WHAT IS BEING ASKED: Would you please copy the part of the material below that opens with the line containing "下午四點(diǎn)左右,陳" and closes with the line containing "続いて少々奇抜なネイビーのストライプのスーツ地。"? Copy it exactly, and only it.

MATERIAL FOR THE TASK:
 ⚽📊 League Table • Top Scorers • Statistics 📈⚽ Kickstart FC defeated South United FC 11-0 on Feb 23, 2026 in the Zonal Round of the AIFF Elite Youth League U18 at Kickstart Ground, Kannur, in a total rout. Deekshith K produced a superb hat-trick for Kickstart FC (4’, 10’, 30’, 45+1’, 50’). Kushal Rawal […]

==

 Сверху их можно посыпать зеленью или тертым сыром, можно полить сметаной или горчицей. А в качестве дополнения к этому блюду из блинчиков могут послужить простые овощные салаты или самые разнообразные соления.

--

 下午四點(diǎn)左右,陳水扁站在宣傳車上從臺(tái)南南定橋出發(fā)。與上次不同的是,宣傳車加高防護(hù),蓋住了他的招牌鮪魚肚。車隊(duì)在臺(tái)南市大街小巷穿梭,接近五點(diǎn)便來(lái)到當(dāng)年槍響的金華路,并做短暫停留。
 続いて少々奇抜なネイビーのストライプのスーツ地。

TASK OUTPUT:
 下午四點(diǎn)左右,陳水扁站在宣傳車上從臺(tái)南南定橋出發(fā)。與上次不同的是,宣傳車加高防護(hù),蓋住了他的招牌鮪魚肚。車隊(duì)在臺(tái)南市大街小巷穿梭,接近五點(diǎn)便來(lái)到當(dāng)年槍響的金華路,并做短暫停留。
 続いて少々奇抜なネイビーのストライプのスーツ地。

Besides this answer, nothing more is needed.